“When I use a word,” Humpty Dumpty said, in rather a scornful tone, “it means just what I choose it to mean — neither more nor less.”
Speaking with precision matters; words have meanings. Today, there is a great deal of discussion within the GOP about what it means to be conservative. We have seen various forms of purity tests, and we have seen national figures declaim others for just not being conservative enough. But what is conservatism? And by what rubric do we, or can we, purport to measure an individuals’ “conservatism”? When we use that word, do we mean a set of shared policy preferences in today’s political environment (outcomes), do we mean a mode or method of thinking about issues and society (inputs or a process), or do we mean some combination of the two?
The American conservative thinker Russell Kirk best defined the term “conservative” in his seminal essay “Ten Conservative Principles.” Unlike some today, Kirk recognized that conservative thought is broad enough to embrace a wide variety of opinions. In fact, he welcomed this diversity and saw it as a sign of strength and intellectual vitality. As Kirk put it “it is not possible to draw up a neat catalogue of conservatives’ convictions; nevertheless, I offer you, summarily, ten general principles; it seems safe to say that most conservatives would subscribe to most of these maxims…. the diversity of ways in which conservative views may find expression is itself proof that conservatism is no fixed ideology. What particular principles conservatives emphasize during any given time will vary with the circumstances and necessities of that era. The following ten articles of belief reflect the emphases of conservatives in America nowadays.”
Kirk’s ten principles continue to provide a useful frame of reference for defining conservatism in America today.
“First, the conservative believes that there exists an enduring moral order.” In other words, conservatives recognize the existence or behavioral norms, some of which may, or must, be codified in law.
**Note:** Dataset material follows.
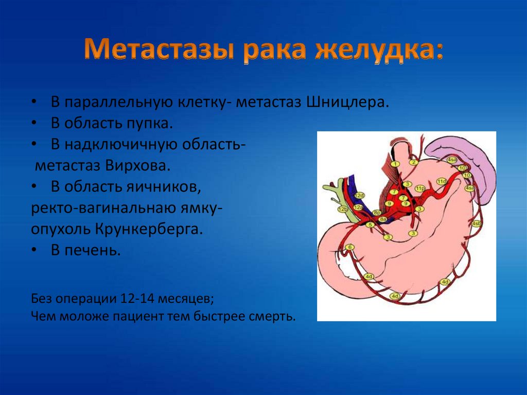 • В параллельную клетку- метастаз Шницлера.• В область пупка.

As Kirk noted, “[t]here are two aspects or types of order: the inner order of the soul, and the outer order of the commonwealth… A society in which men and women are governed by belief in an enduring moral order, by a strong sense of right and wrong, by personal convictions about justice and honor, will be a good society—whatever political machinery it may utilize; while a society in which men and women are morally adrift, ignorant of norms, and intent chiefly upon gratification of appetites, will be a bad society—no matter how many people vote and no matter how liberal its formal constitution may be.” Parchment barriers to tyranny are no substitute for a virtuous citizenry, nor are the mere mechanics of majority rule as expressed through free elections, in the final analysis, standing alone, an adequate safeguard to liberty- instead, liberty’s true foundation is the morality of the people.
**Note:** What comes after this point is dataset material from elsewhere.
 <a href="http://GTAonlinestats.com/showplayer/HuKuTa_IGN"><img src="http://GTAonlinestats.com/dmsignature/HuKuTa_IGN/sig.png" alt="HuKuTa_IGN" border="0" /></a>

“Second, the conservative adheres to custom, convention, and continuity.” Conservatives recognize that legitimacy is a fragile, but necessary, component of both the social, the economic, and the political orders. Custom, and convention, are often one of the primary sources of legitimacy. To quote Kirk again, “Conservatives are champions of custom, convention, and continuity because they prefer the devil they know to the devil they don’t know. Order and justice and freedom, they believe, are the artificial products of a long social experience, the result of centuries of trial and reflection and sacrifice. Thus the body social is a kind of spiritual corporation, comparable to the church; it may even be called a community of souls. Human society is no machine, to be treated mechanically. The continuity, the life-blood, of a society must not be interrupted. Burke’s reminder of the necessity for prudent change is in the mind of the conservative. But necessary change, conservatives argue, ought to he gradual and discriminatory, never unfixing old interests at once.”
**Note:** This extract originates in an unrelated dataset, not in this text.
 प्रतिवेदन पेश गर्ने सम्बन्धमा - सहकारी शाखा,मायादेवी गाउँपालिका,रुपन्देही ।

Here, Kirk touches on a fundamental tension always present in conservative thought- we recognize the importance of custom and tradition, and yet, we recognize that change is a universal constant in a world where all things are forever in motion. In this regard, I think what conservatives recognize is that change is not beneficial merely for its own sake. The new is not necessarily better than the old merely because it is new. Instead, we must focus upon what is being changed, and why.
“Third, conservatives believe in what may be called the principle of prescription.” As Burke noted, “[t]he individual is foolish, but the species is wise.”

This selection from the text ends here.